Como tantos otros argentinos, Joaquín se siente orgulloso de ser patagónico, región en la que habita desde hace casi cuarenta años. Sin embargo, nació y creció a escasos 25 kilómetros del Obelisco porteño. En sus años de infancia en aquella localidad del conurbano, había un caudillejo conservador, que supo ser intendente en períodos dictatoriales y también electo por el voto popular. Las malas lenguas locales, solían atribuirle enormes capacidades de ingesta alcohólica. Durante alguna campaña política, el tipo se descolgó con que su partido vecinal iba a ser el que llevara el subterráneo hasta el pago chico de Joaquín.

Ya sabe el imaginario popular que muchas de las promesas dirigenciales suelen tener escasa consistencia. Pero en aquel momento a nadie se le había ocurrido todavía anunciar que el tendido de vías del tren subterráneo crecería diez kilómetros por año. Ese fue uno de los ofrecimientos vaporosos que alguno formuló mucho tiempo después y que, por supuesto, nunca se cumplió.

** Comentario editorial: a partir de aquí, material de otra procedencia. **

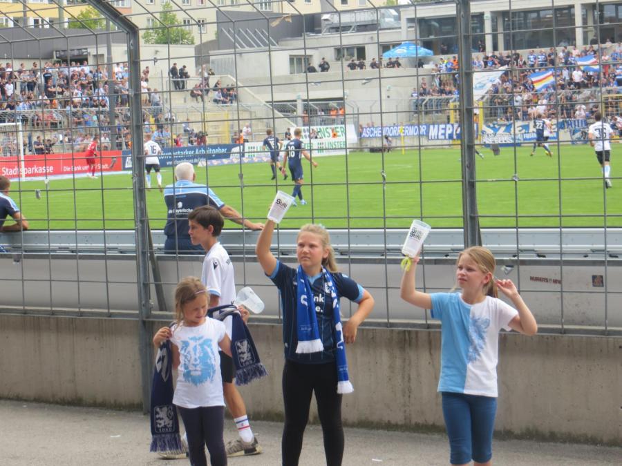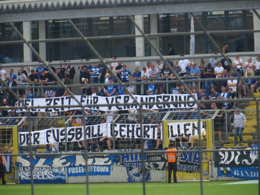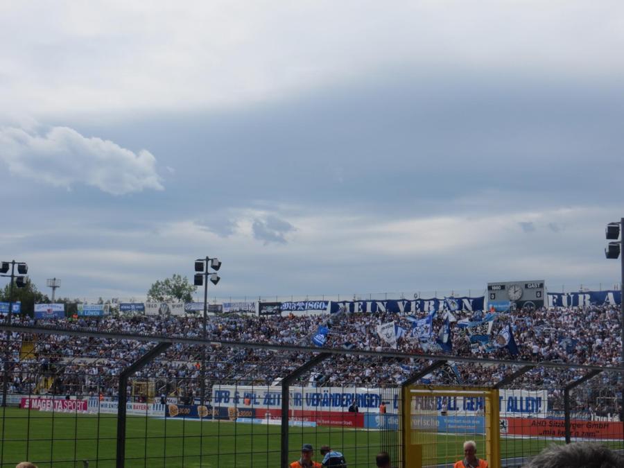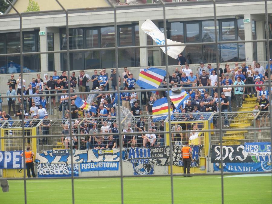 Meppen war nur mit circa 200 Leuten vor Ort, wobei sich vielleicht 50 Leute konstant am Support beteiligten. Ich hatte von Meppen irgendwie mehr Leute erwartet. Klar, ist das eine weite Strecke, aber ich hatte von denen immer ganz gute Auswärtsfahrerzahlen mitbekommen. Ordentliche Zaunbeflaggung und ansonsten kaum zu hören. Sehr unauffällig.
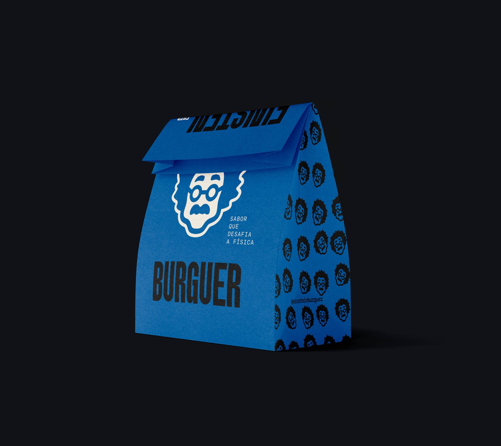 O saco delivery tornou-se o ícone máximo do Einsten Burger — um verdadeiro embaixador visual. Mais do que uma embalagem, ele é o símbolo da disrupção: instantaneamente reconhecível pela cor azul e pela fotografia com cartolina, sempre destacando a sacola como protagonista das composições.

Pero no dejaba de ser una proposición atractiva y hasta razonable y útil. El subte es más seguro, más rápido y menos contaminante que el transporte terrestre. Si descontamos, claro, el componente de asbesto que está prohibido desde 2003 pero aún sigue existiendo en algunas formaciones del metro porteño.

Otras promesas, en cambio, son inconfesables pues resultarían piantavotos.

Ya lo reconoció un expresidente argentino de triste memoria que, después de consumar sus latrocinios, reconoció alegremente: “Y si decía lo que iba a hacer, ¿quién me hubiera votado?”. Junto al desguace del Estado, la picaresca era lo suyo. No obstante, el tipo tenía una aguda conciencia de que algunas cosas era mejor callarlas para evitarse sanciones en las urnas.

En nuestros días, piensa Joaquín, se han caído todas las barreras morales y nadie teme decir que en su futuro gobierno los niños no serían los únicos privilegiados, sino apenas una mercadería más. El mismo sujeto que propone la barrabasada anterior revela planes que permitan poner en góndolas nuestros propios órganos. No aclaró cómo se establecería el costo de cada una de esas operaciones, pero es fácil suponer que quedaría librado al arbitrio del “Mercado”.

Un político tránsfuga que ahora milita en la oposición dice que no compra la idea de la dolarización, pero igualmente coquetea con el susodicho anterior, que es quien la enarbola como estandarte de campaña.

El propio arquitecto de esa iniciativa en una nación hermana (Ecuador) desaconseja la aplicación de la medida en nuestro país, pero de todos modos allí siguen, juntos y revueltos, el maestro y sus epígonos.

El aspirante presidencial que algunos consideran más moderado o “tibio” y se ha ganado la caracterización de “paloma”, no trepida en anunciar que es imprescindible avanzar en una reforma laboral que siempre posiciona en primer término los intereses de los empleadores.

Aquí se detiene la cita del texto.